La finalité du projet : le livret
Pour clore ce travail ambitieux, les jeunes de l’E2C ont entrepris une dernière étape tout aussi essentielle : la création d’un livret numérique, accessible à tous depuis le site Internet du musée. Véritable aboutissement de plusieurs semaines de recherches, d’écriture et de création, ce livret a pour vocation de mettre en valeur le travail collectif réalisé autour des stèles gallo-romaines.
Grâce à un logiciel de mise en page adapté, ils ont eux-mêmes conçu la présentation de ce livret : mise en page des textes, insertion des illustrations, mise en forme des enregistrements, etc. Tout ce travail permet désormais à chaque curieux qui le souhaite de naviguer d’une œuvre à l’autre, en découvrant à chaque fois des fragments de vie que les jeunes ont redonnés à ces habitants de la Nîmes antique.
Un projet collectif, créatif et profondément humain
Ce projet a représenté pour les jeunes de l’E2C un véritable défi, mais aussi une formidable aventure collective. De la découverte des stèles à la rédaction des récits, de l’oralisation à la mise en page numérique, ils ont fait preuve d’un engagement exemplaire, d’une grande curiosité et d’une réelle sensibilité artistique. Chacun, à sa manière, a contribué à faire revivre une part de l’histoire nîmoise, en mêlant rigueur historique et imagination poétique. Au fil des semaines, ces apprentis épigraphistes sont devenus conteurs, artistes, comédiens et éditeurs.
Leur travail témoigne d’une implication sincère et permet désormais aux visiteurs du musée de se promener parmi la collection de stèles d’une manière nouvelle. Il ne s’agit plus seulement de lire des inscriptions gravées dans la pierre, mais bien d’entendre les voix qu’elles portent encore, celles de femmes, d’hommes et d’enfants dont les destins ont été réinventés avec sensibilité. Grâce au regard des jeunes, ces monuments funéraires deviennent des fenêtres ouvertes sur l’intime, sur les émotions et les liens humains qui traversent les siècles. Une belle manière de prouver que l’histoire, loin d’être figée dans la pierre, peut encore inspirer et faire vibrer ceux qui la découvrent.
L’équipe du musée félicite sincèrement les jeunes de l’E2C de Nîmes, sans qui ce projet n’aurait jamais pu voir le jour : Bilal, Justeen, Daniela, Chaïma, Iboun-Koussoy, Chloé, Romain, Andjibou, et Loane. Nous remercions aussi l’ensemble de l’équipe de l’E2C de Nîmes pour avoir accepté de participer à ce projet en partenariat avec le musée, et en particulier Yoan et Marc, formateurs, pour leur aide et leur implication auprès des jeunes dans cette grande aventure.

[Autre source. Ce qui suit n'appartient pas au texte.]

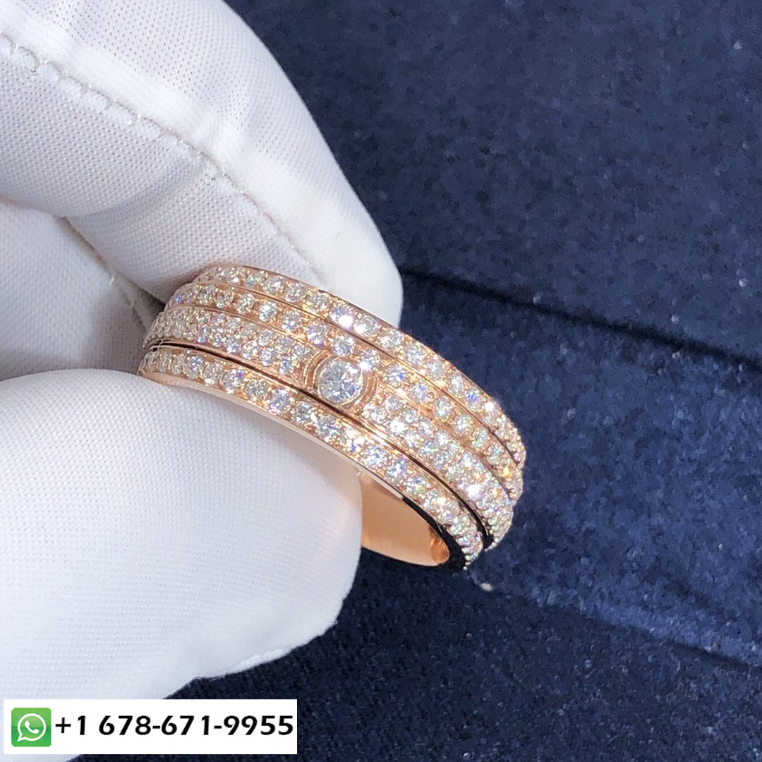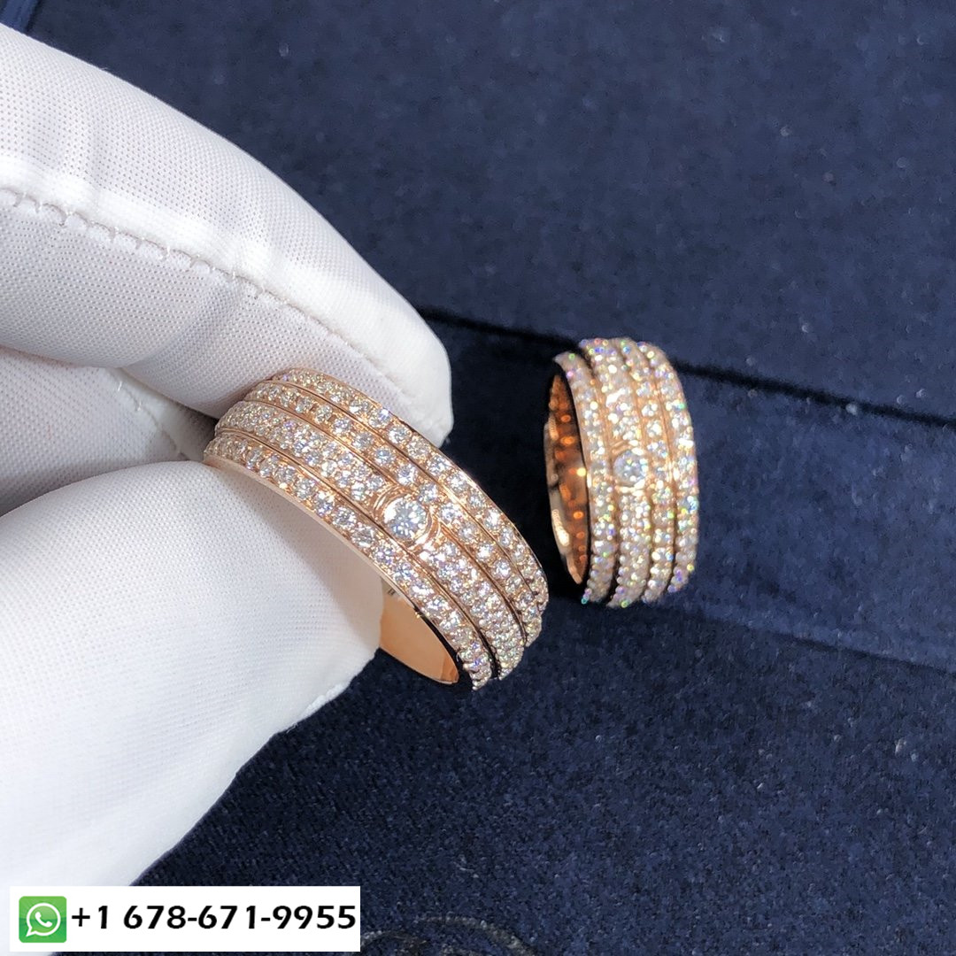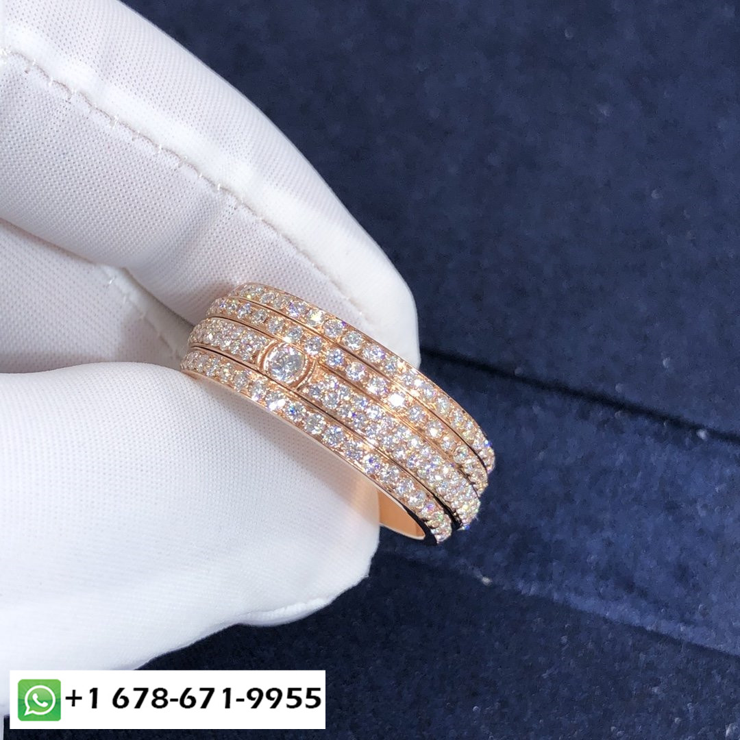 Bague de possession Piaget sur mesure en or rose 18 carats serti de 234 diamants taille brillant d'une largeur totale de 2,2 ct.: 8.5 mm.Poids d'or basé sur la taille 7 est 13.3 g. Tailles disponibles (métrique):5 ½ – 7 ½.Si parfait pour les alliances.Dans un design audacieux et contemporain, des bandes asymétriques d'or rose généreusement serties de pavés de diamants tournent côte à côte. Alors que l'intensité fulgurante des diamants donne à la bague Piaget Possession son aspect précieux, le mouvement de rotation est en soi une expérience sensorielle unique. Chaque tour donne à la femme qui le porte le sentiment irrésistible qu'elle maîtrise son propre destin, suivre sans crainte ses ambitions avec plaisir et joie.

Comment se servir de ce livret ?
Chaque visiteur peut trouver le livret issu de ce projet à télécharger à la suite de cet article. Celui-ci peut-être parcouru de deux manières différentes :
- En dehors du musée, en associant les récits, dessins et audios aux différentes stèles se trouvant en photo sur le livret. Plusieurs QR code sur le livret permettent d’accéder aux audios enregistrés.
- Au sein même du Musée de la Romanité, en se rendant devant chacune des stèles correspondantes. Le livret peut être imprimé avant de venir au musée, et les audios restent accessibles grâce à plusieurs QR code ajoutés dans le livret.